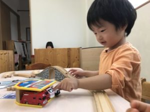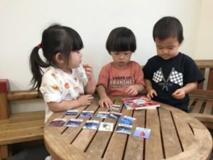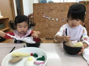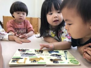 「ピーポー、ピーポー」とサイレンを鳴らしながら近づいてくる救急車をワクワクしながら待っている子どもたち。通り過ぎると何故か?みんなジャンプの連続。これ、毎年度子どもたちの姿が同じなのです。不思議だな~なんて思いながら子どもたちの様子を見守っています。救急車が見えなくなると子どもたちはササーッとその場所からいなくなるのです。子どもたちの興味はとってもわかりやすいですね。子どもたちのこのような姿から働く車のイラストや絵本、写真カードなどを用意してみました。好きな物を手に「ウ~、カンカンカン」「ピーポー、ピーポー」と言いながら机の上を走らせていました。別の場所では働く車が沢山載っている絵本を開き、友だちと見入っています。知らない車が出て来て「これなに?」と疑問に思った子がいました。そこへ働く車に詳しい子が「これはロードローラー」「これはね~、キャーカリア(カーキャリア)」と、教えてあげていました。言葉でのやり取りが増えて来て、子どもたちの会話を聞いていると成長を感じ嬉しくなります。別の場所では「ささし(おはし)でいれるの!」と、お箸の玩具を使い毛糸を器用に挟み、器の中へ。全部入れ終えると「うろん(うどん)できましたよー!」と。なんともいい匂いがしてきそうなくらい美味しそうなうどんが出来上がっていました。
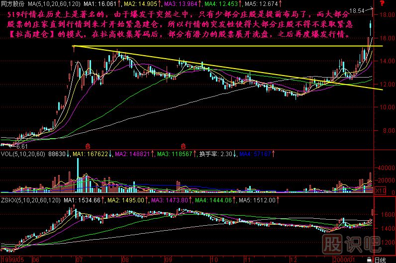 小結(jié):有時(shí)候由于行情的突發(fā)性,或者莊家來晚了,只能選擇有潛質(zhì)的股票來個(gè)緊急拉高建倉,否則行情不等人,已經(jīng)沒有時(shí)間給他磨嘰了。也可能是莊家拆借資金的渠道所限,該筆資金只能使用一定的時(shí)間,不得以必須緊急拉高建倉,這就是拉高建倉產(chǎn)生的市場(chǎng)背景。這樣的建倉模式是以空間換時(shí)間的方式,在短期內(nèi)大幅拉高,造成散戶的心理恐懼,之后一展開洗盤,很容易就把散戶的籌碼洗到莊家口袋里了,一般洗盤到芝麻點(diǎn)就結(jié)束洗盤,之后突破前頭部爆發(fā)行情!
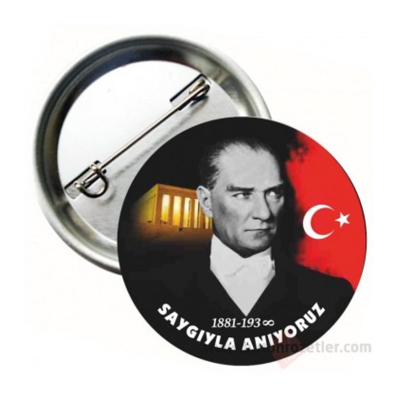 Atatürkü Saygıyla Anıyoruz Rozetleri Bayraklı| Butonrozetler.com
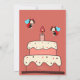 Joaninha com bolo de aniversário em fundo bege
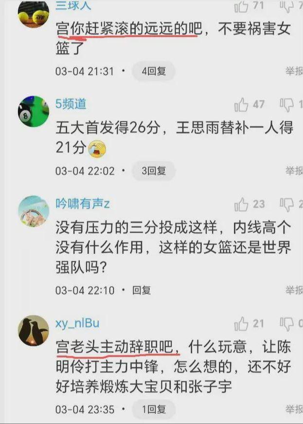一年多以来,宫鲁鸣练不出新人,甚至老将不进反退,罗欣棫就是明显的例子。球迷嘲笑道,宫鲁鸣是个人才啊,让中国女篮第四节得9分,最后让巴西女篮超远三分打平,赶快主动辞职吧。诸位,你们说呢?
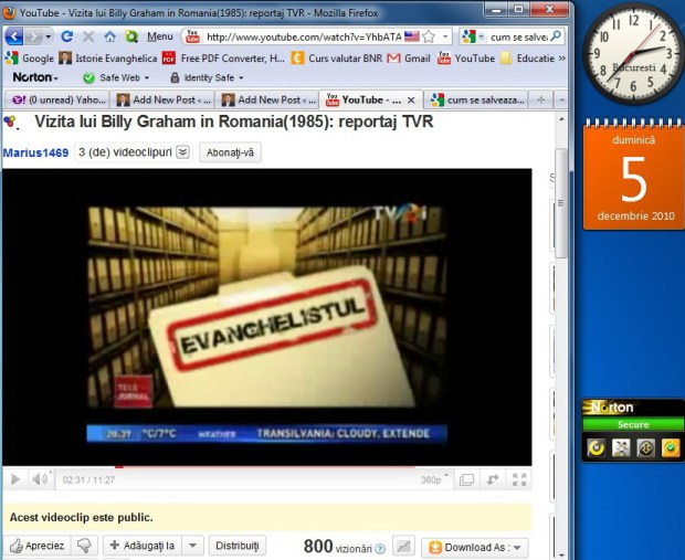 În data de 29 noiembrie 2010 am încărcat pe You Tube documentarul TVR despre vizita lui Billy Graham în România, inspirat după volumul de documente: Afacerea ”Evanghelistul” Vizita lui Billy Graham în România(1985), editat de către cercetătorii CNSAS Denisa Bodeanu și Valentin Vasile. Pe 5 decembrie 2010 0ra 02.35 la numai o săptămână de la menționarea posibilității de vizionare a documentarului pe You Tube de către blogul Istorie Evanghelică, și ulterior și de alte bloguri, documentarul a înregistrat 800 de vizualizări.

Task statement: In your copy of the records above, include every line exactly but no pictures.

Solution for this task:
 「ピーポー、ピーポー」とサイレンを鳴らしながら近づいてくる救急車をワクワクしながら待っている子どもたち。通り過ぎると何故か?みんなジャンプの連続。これ、毎年度子どもたちの姿が同じなのです。不思議だな~なんて思いながら子どもたちの様子を見守っています。救急車が見えなくなると子どもたちはササーッとその場所からいなくなるのです。子どもたちの興味はとってもわかりやすいですね。子どもたちのこのような姿から働く車のイラストや絵本、写真カードなどを用意してみました。好きな物を手に「ウ~、カンカンカン」「ピーポー、ピーポー」と言いながら机の上を走らせていました。別の場所では働く車が沢山載っている絵本を開き、友だちと見入っています。知らない車が出て来て「これなに?」と疑問に思った子がいました。そこへ働く車に詳しい子が「これはロードローラー」「これはね~、キャーカリア(カーキャリア)」と、教えてあげていました。言葉でのやり取りが増えて来て、子どもたちの会話を聞いていると成長を感じ嬉しくなります。別の場所では「ささし(おはし)でいれるの!」と、お箸の玩具を使い毛糸を器用に挟み、器の中へ。全部入れ終えると「うろん(うどん)できましたよー!」と。なんともいい匂いがしてきそうなくらい美味しそうなうどんが出来上がっていました。
 小結(jié):有時(shí)候由于行情的突發(fā)性,或者莊家來晚了,只能選擇有潛質(zhì)的股票來個(gè)緊急拉高建倉,否則行情不等人,已經(jīng)沒有時(shí)間給他磨嘰了。也可能是莊家拆借資金的渠道所限,該筆資金只能使用一定的時(shí)間,不得以必須緊急拉高建倉,這就是拉高建倉產(chǎn)生的市場(chǎng)背景。這樣的建倉模式是以空間換時(shí)間的方式,在短期內(nèi)大幅拉高,造成散戶的心理恐懼,之后一展開洗盤,很容易就把散戶的籌碼洗到莊家口袋里了,一般洗盤到芝麻點(diǎn)就結(jié)束洗盤,之后突破前頭部爆發(fā)行情!
 Atatürkü Saygıyla Anıyoruz Rozetleri Bayraklı| Butonrozetler.com
 Joaninha com bolo de aniversário em fundo bege
一年多以来,宫鲁鸣练不出新人,甚至老将不进反退,罗欣棫就是明显的例子。球迷嘲笑道,宫鲁鸣是个人才啊,让中国女篮第四节得9分,最后让巴西女篮超远三分打平,赶快主动辞职吧。诸位,你们说呢?
 În data de 29 noiembrie 2010 am încărcat pe You Tube documentarul TVR despre vizita lui Billy Graham în România, inspirat după volumul de documente: Afacerea ”Evanghelistul” Vizita lui Billy Graham în România(1985), editat de către cercetătorii CNSAS Denisa Bodeanu și Valentin Vasile. Pe 5 decembrie 2010 0ra 02.35 la numai o săptămână de la menționarea posibilității de vizionare a documentarului pe You Tube de către blogul Istorie Evanghelică, și ulterior și de alte bloguri, documentarul a înregistrat 800 de vizualizări.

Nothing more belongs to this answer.